2

I have 1000 text files and each file is tab delimited with following format

John    32     NY     12     USA
Peter   78.    CA.    8.     USA
Stef.   67.    CA.    12.    USA

I want to extract all those line where fourth column is exactly 12. This is what I've done:


file='random'

FILES=/home/user/data/*.txt
for f in $FILES; 
do 
echo $f
filename=$(basename $f)
awk -F"\t" '$4 == 12' $f >  /home/user/extra/$file/$filename; 
done

But this produces empty files and I am not sure what I am doing wrong here. Insights will be appreciated.

John
  • 815
  • 11
  • 31

1 Answers1

1

Please read Correct Bash and shell script variable capitalization and https://mywiki.wooledge.org/Quotes to understand some of the issues in your script and copy/paste any shell script you write into https://www.shellcheck.net/ until you get the fundamentals down.

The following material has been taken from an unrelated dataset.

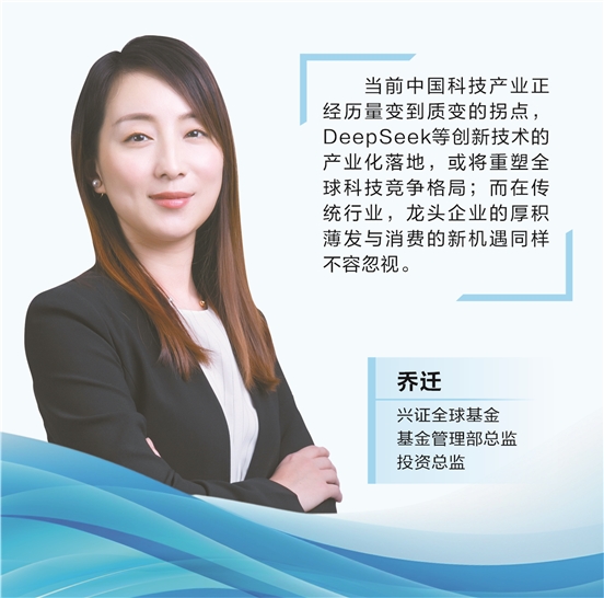 乔迁表示,当前中国科技产业正经历量变到质变的拐点,DeepSeek等创新技术的产业化落地,或将重塑全球科技竞争格局;而在传统行业,龙头企业的厚积薄发与消费的新机遇同样不容忽视。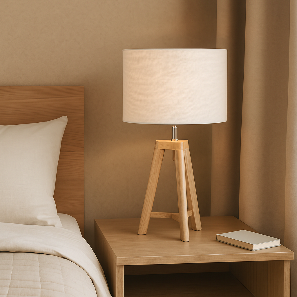 La Odin 02 combina la calidez de la madera real con la pureza de una pantalla cilíndrica de tela blanca, creando un punto de luz limpio y contemporáneo. Con 56 cm de alto y 27 cm de diámetro, su base trípode aporta estabilidad y un toque escandinavo ideal para mesitas de noche, escritorios o aparadores. Incorpora un portalámparas E27 (hasta 40 W; bombilla LED no incluida) y se enciende mediante interruptor en el cable. Su diseño minimalista realza ambientes nórdicos, boho o modernos, aportando luz suave y estilo natural sin recargar la decoración.

Regarding But this produces empty files - sure, for any give command cmd with

for f in *; do
    cmd "$f" > "out$f"
done

you're creating an output file for each input file in the shell loop so if any input file doesn't match $4==12 in your awk script (the cmd in this case) you'll still get an output file, it'll just be empty. If you don't want that you could do:

tmp=$(mktemp)
for f in *; do
    cmd "$f" > "$tmp" &&
    mv -- "$tmp" "out$f"
done

and write cmd to exit with a succ/fail status like grep does when it finds a match (trivial in awk), or you could check the size of "$tmp" before the mv:

tmp=$(mktemp)
for f in *; do
    cmd "$f" > "$tmp" &&
    [[ -s "$tmp" ]] &&
    mv -- "$tmp" "out$f"
done

You don't need a shell loop or other commands for this, though, just 1 call to awk to process all of your files at once. Using any awk in any shell on every Unix box do only this

awk -v file='random' -F'\t' '
    FNR == 1 {
        close(out)
        f = FILENAME
        sub(".*/","",f)
        out = "/home/user/extra/" file "/" f
    }
    $4 == 12 {
        print > out
    }
' /home/user/data/*.txt

If you want a string instead of numeric comparison so that 12. doesn't match 12 then do $4 == "12" instead of $4 == 12.

In the above file is a poor choice of variable name to hold the name of a directory but I left it alone to avoid changing anything I didn't have to.

Ed Morton
  • 188,023
  • 17
  • 78
  • 185